Copy exactly the lines starting at the one that contains "2 Wunschnamen Große" and running through the end of the material below. Exclude any pictures.

→ **Dataset excerpt**
________________________________________

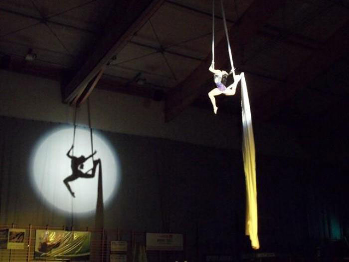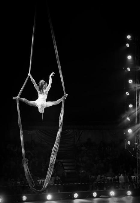Our highly successful aerial silk solo circus performer has over eighteen years of experience, specialising in water bowl, handstand contortion, aerial silk and performing as one third of an acrobatic trio show.
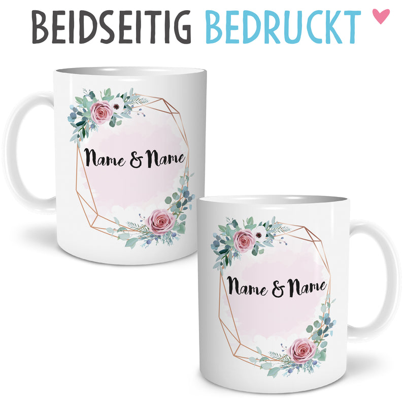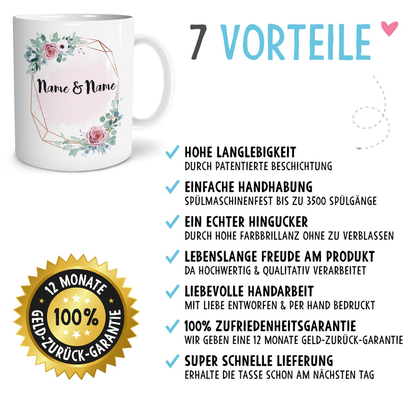 2 Wunschnamen Große Kaffee-Tasse mit Spruch im Geschenkkarton Geschenke Geschenkideen für Freund Freundin Mann und Frau zum Geburtstag
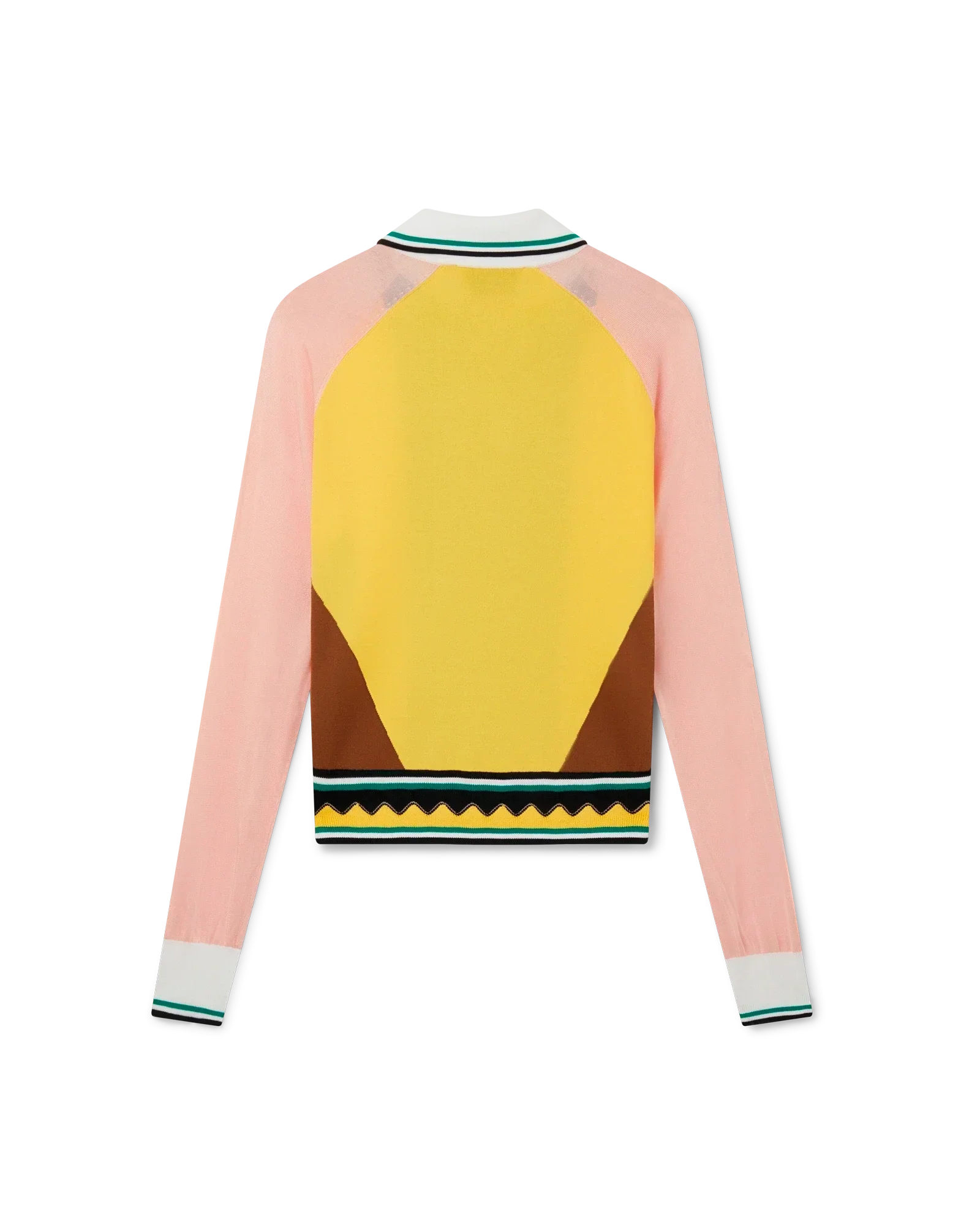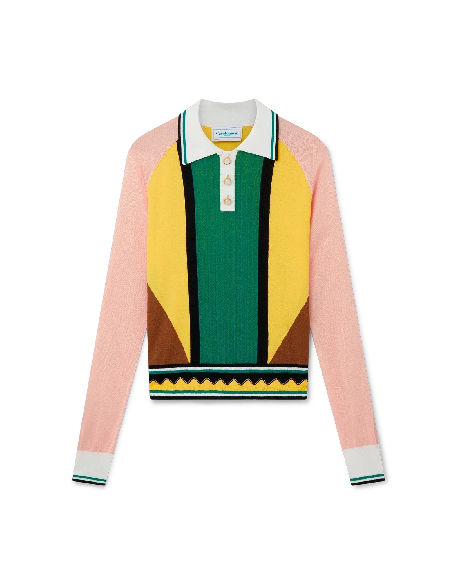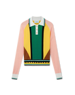 The graphic panelled polo shirt is a long-sleeve design inspired by Nigeria and features the colours of the country's flag. Completed with panel colour blocks, the house's signature gold rim pearl buttons, rib collar, cuffs, and hem with striped details.
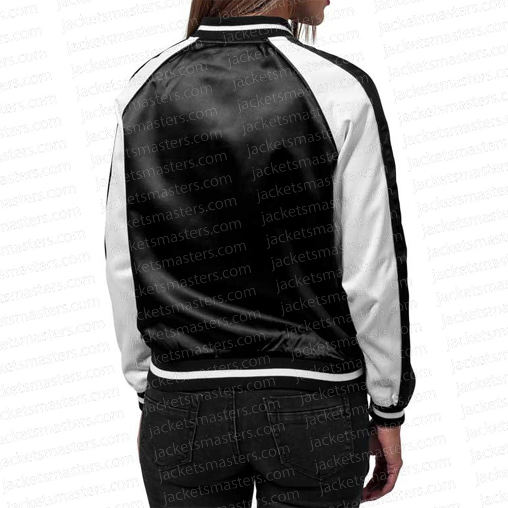NY Becky G Black and White Full-Zip Varsity Satin Jacket

________________________________________

→ **Response**
 2 Wunschnamen Große Kaffee-Tasse mit Spruch im Geschenkkarton Geschenke Geschenkideen für Freund Freundin Mann und Frau zum Geburtstag
 The graphic panelled polo shirt is a long-sleeve design inspired by Nigeria and features the colours of the country's flag. Completed with panel colour blocks, the house's signature gold rim pearl buttons, rib collar, cuffs, and hem with striped details.
NY Becky G Black and White Full-Zip Varsity Satin Jacket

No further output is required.